Well it had to take years to make 60% on your money. Why would anyone sit back and watch it disappear if they were warned ahead of time that a recession was on the horizon .
In spite of what SC Maintenance may think, I have no dog in this fight other than I know what the cold hard and very consistent data says - 99.9% of people can't time in and out over any significant length of time. That's not my opinion...it's just a fact that has been shown 1000x in the literature.
I also get Dave's point that sometimes it's just play money....ok....cool.
But others on here are really trying to time the market with their entire nest egg and again the data is very clear and consistent - over time the return on trying to time the market is significantly less than buy and hold. Why? Even if you guess the market correctly 50% of the time which is equivalent to flipping a coin, once you factor in taxes, fees, etc, you're behind. The data shows for every time you guess correctly the up, you inevitably miss some part of the up that you would've captured had you held that position 100% of the time. But don't you also miss some part of the downs too? Yes, but because in general, the market goes up more than down over time (it grows), you miss more of the ups compared to missed downs and you fall behind.
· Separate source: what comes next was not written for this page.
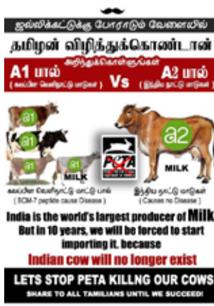
6-7. képek: A jallikattu mellett protestáló szervezetek (tenyésztők, sportolók stb.) mindenféle platformon népszerűsítik a hagyományos tamil fajtákat. Ebből kifolyólag változatos PETA és nyugati fajtaellenes plakátokat is találhatunk a már-már művészi megjelenésű támogató plakátok mellett. Külön érdekes a hazánkban is megjelent, lassan terjedő A2-es tejhez kapcsolódó kampány, amelyeknél az A2 tejtermelésre hivatkozva igyekeznek a hazai indiai fajtákat népszerűsíteni a potenciálisan A1 genetikával magasabb arányban rendelkező modernebb fajtákkal szemben.

Specifically to your point Warstud, with the above in mind, unless you need the money soon, a single penny is not "disappearing", and gains and losses are not realized until you sell. My retirement is 20 years away and the ups and downs are absolutely meaningless right now. Lastly, you don't know there will be a recession. Even if there is you have no idea how bad it will be and you have no idea when it will start or when it will end. Even if we end up in a recession, pull your money now and maybe you miss the next 4 months of gains. Maybe the market starts declining today, tomorrow, next week, next month, maybe never. Maybe it's down for a day, a week, a month, 4 years, who knows. Ok now you're out and you have to guess when you get back in and it's the same problem. There are too many factors and too many variables and you are essentially trying to outguess every other investor in the market worldwide. Again, the data is clear - it's not possible to "beat the market" long term. I'm not saying you can't make money, it will just be less than it would've been had you just did a buy and hold.